BEGIN Data provided
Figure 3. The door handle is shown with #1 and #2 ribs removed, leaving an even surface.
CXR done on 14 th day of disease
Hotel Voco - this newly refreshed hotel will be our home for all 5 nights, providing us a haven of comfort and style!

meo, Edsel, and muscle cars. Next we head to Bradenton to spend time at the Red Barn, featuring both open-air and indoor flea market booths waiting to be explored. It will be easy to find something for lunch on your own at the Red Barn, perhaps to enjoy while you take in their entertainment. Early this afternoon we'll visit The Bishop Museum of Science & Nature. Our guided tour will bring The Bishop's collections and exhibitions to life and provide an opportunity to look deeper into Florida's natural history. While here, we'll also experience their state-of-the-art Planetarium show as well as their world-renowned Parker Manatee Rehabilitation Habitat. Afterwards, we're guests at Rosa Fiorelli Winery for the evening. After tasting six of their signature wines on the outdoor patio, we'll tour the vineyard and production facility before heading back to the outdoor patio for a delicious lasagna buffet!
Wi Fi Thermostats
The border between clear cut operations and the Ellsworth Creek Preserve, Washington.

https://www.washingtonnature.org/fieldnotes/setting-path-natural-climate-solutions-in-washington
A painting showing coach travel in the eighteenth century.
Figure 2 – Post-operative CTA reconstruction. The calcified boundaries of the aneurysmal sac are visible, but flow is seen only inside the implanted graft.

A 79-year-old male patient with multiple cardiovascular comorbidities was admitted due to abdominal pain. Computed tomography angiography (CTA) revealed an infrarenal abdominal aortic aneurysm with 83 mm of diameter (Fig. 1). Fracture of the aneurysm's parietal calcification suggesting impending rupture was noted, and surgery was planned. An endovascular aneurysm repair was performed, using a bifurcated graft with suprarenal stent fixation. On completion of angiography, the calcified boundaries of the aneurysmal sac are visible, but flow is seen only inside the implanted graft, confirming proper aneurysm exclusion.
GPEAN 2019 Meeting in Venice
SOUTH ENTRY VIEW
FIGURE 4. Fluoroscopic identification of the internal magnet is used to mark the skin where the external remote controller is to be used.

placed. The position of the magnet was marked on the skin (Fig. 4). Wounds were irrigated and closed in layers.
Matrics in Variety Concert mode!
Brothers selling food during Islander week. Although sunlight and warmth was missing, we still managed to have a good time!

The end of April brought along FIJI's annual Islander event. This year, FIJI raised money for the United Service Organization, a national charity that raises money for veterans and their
END Data provided
BEGIN Data provided
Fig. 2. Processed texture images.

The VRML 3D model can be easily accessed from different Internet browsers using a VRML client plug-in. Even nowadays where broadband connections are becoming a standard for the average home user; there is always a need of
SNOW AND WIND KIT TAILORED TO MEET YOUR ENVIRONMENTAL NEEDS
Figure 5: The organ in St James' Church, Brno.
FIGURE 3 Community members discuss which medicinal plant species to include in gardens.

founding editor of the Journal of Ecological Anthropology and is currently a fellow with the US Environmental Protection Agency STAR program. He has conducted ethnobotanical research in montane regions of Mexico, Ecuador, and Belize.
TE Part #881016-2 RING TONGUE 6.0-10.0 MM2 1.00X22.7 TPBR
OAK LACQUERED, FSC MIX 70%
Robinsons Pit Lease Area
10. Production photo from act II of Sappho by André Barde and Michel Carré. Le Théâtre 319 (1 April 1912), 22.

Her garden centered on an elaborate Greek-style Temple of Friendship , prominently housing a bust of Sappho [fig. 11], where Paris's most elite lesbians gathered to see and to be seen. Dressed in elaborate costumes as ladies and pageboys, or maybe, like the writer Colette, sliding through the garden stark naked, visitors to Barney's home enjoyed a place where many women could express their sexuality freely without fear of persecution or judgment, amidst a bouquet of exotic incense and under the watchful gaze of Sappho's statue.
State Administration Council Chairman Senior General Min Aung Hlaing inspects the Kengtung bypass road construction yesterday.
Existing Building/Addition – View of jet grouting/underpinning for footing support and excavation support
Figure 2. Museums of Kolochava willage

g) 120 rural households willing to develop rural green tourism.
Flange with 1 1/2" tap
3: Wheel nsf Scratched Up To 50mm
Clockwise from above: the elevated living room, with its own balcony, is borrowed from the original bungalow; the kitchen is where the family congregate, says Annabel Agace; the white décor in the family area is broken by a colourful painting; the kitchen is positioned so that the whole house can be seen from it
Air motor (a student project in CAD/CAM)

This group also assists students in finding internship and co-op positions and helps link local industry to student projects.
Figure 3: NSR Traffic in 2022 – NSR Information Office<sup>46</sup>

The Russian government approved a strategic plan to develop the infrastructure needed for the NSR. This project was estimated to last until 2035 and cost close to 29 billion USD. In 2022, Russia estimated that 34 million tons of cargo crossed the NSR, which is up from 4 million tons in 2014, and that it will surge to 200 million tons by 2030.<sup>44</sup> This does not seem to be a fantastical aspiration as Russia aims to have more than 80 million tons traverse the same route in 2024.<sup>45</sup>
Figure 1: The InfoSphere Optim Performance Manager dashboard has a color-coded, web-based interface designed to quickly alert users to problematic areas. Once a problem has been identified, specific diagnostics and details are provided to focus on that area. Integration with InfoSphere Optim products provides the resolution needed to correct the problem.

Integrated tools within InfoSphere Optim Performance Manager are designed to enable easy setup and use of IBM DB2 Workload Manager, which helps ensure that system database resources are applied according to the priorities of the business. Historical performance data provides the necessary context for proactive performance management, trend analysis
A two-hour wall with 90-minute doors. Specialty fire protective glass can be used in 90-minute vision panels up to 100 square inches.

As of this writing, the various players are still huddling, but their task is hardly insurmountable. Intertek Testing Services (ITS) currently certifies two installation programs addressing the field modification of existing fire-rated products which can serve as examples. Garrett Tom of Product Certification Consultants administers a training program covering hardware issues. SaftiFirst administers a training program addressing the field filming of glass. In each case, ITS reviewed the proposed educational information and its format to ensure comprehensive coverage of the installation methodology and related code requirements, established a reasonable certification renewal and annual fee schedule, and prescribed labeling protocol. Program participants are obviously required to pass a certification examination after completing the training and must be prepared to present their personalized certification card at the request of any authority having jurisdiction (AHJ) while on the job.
END Data provided
= Instructions to follow =
Begin at the line that has "SOUTH ENTRY VIEW" in the entries above; stop after the line that has "The end of April". Transcribe exactly those lines and no others.

= Task response =
SOUTH ENTRY VIEW
FIGURE 4. Fluoroscopic identification of the internal magnet is used to mark the skin where the external remote controller is to be used.

placed. The position of the magnet was marked on the skin (Fig. 4). Wounds were irrigated and closed in layers.
Matrics in Variety Concert mode!
Brothers selling food during Islander week. Although sunlight and warmth was missing, we still managed to have a good time!

The end of April brought along FIJI's annual Islander event. This year, FIJI raised money for the United Service Organization, a national charity that raises money for veterans and their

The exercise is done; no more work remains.